Here we handle this with a new `BackgroundEvent` indicating we need
to handle any post-update action(s) for a given channel.

lightning/src/ln/chanmon_update_fail_tests.rs
lightning/src/ln/channelmanager.rs

index 707c27908eddabd5efdbabeda8278af225b02950..8d4c40b64d06b303c7aab3b183adbc98dcf8829d 100644 (file)
@@ -2346,6 +2346,7 @@ fn do_channel_holding_cell_serialize(disconnect: bool, reload_a: bool) {
                RecipientOnionFields::secret_only(payment_secret_2), PaymentId(payment_hash_2.0)).unwrap();
        check_added_monitors!(nodes[0], 0);
 
+       let chan_0_monitor_serialized = get_monitor!(nodes[0], chan_id).encode();
        chanmon_cfgs[0].persister.set_update_ret(ChannelMonitorUpdateStatus::InProgress);
        chanmon_cfgs[0].persister.set_update_ret(ChannelMonitorUpdateStatus::InProgress);
        nodes[0].node.claim_funds(payment_preimage_0);
@@ -2365,8 +2366,9 @@ fn do_channel_holding_cell_serialize(disconnect: bool, reload_a: bool) {
                // disconnect the peers. Note that the fuzzer originally found this issue because
                // deserializing a ChannelManager in this state causes an assertion failure.
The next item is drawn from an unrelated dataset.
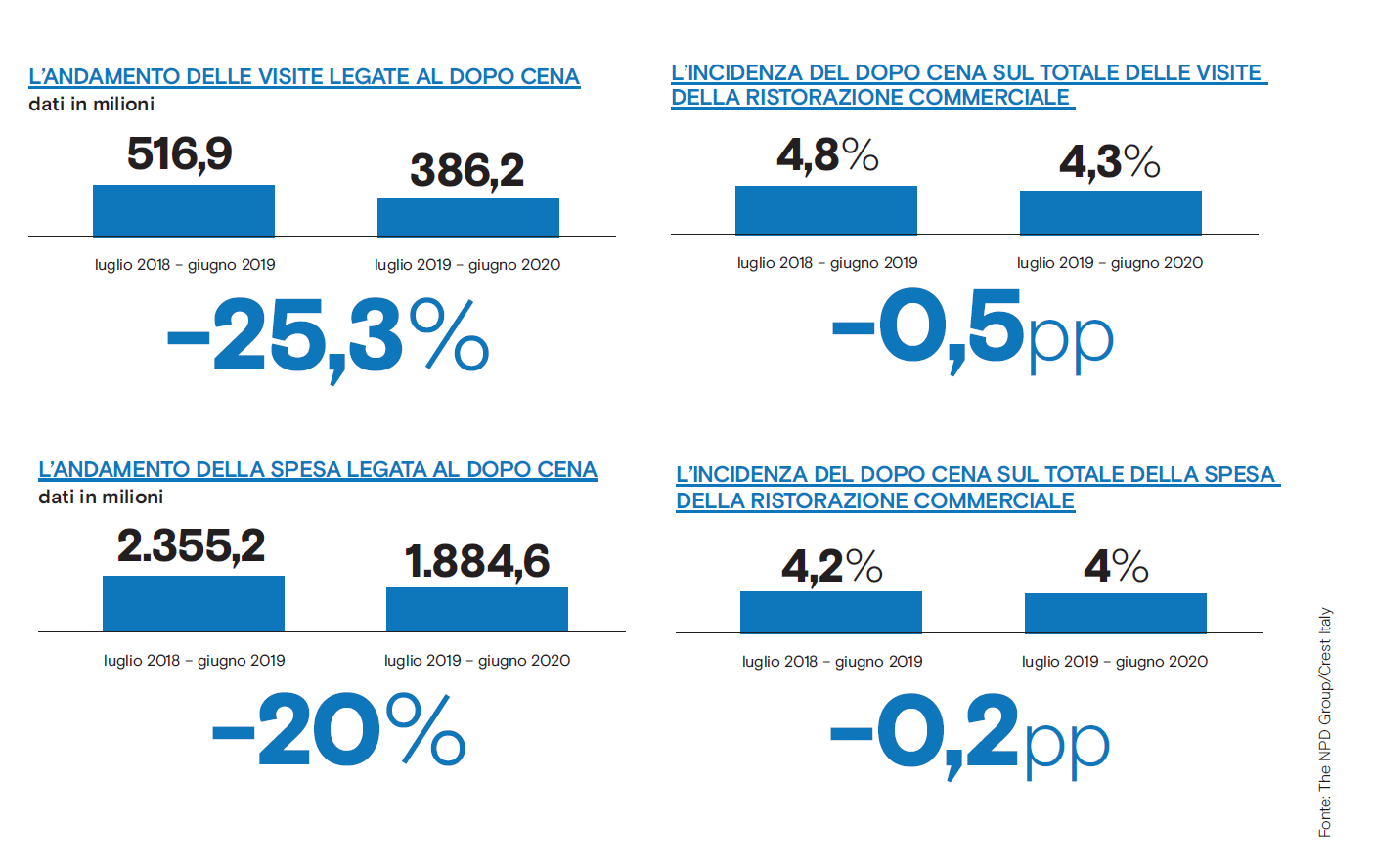 Inutile nasconderlo: il mondo che ruota intorno al leisure e all’intrattenimento è tra i più penalizzati dalle misure imposte dall’emergenza sanitaria. Chiusure e restrizioni hanno inciso qui più che altrove. Non stupisce quindi che i dati inanellino una lunga e poco confortante serie di segni meno: secondo NPD Group, tra luglio 2019 e giugno 2020 è andato perso ben un quarto delle visite e un quinto della spesa rispetto all’omologo periodo precedente. E così la categoria arretra anche in relazione all’incidenza sul totale mercato della ristorazione, passando dal 4,8% al 4,3% alla voce visite, e dal 4,2% al 4,0 sul fronte del giro d’affari.

                if reload_a {
-                       let chan_0_monitor_serialized = get_monitor!(nodes[0], chan_id).encode();
                        reload_node!(nodes[0], &nodes[0].node.encode(), &[&chan_0_monitor_serialized], persister, new_chain_monitor, nodes_0_deserialized);
+                       persister.set_update_ret(ChannelMonitorUpdateStatus::InProgress);
+                       persister.set_update_ret(ChannelMonitorUpdateStatus::InProgress);
                } else {
                        nodes[0].node.peer_disconnected(&nodes[1].node.get_our_node_id());
                }
@@ -2406,9 +2408,14 @@ fn do_channel_holding_cell_serialize(disconnect: bool, reload_a: bool) {
                        assert_eq!(pending_cs.commitment_signed, cs);
                } else { panic!(); }
 
-               // There should be no monitor updates as we are still pending awaiting a failed one.
-               check_added_monitors!(nodes[0], 0);
-               check_added_monitors!(nodes[1], 0);
+               if reload_a {
+                       // The two pending monitor updates were replayed (but are still pending).
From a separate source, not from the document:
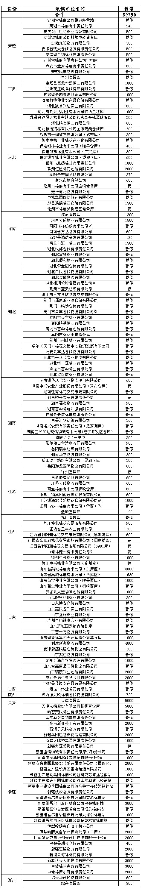 各涉棉企業(yè): 3月26日在以下指定倉庫收儲(chǔ)2013年度棉花89290噸。 為了滿足新疆企業(yè)交儲(chǔ)需要,緩解新疆地區(qū)入庫壓力,在不影響內(nèi)地就近交儲(chǔ)的前提下,以下帶“※”庫點(diǎn)作為內(nèi)地接收新疆棉花交儲(chǔ)的指定庫點(diǎn)。

+                       check_added_monitors(&nodes[0], 2);
+               } else {
+                       // There should be no monitor updates as we are still pending awaiting a failed one.
+                       check_added_monitors(&nodes[0], 0);
+               }
+               check_added_monitors(&nodes[1], 0);
        }
 
        // If we finish updating the monitor, we should free the holding cell right away (this did
index d4d1a926825d3fe89bb560370ba3c068e956156b..b4eed11fc39e9916fa8564bdf4f5799a81fcec2a 100644 (file)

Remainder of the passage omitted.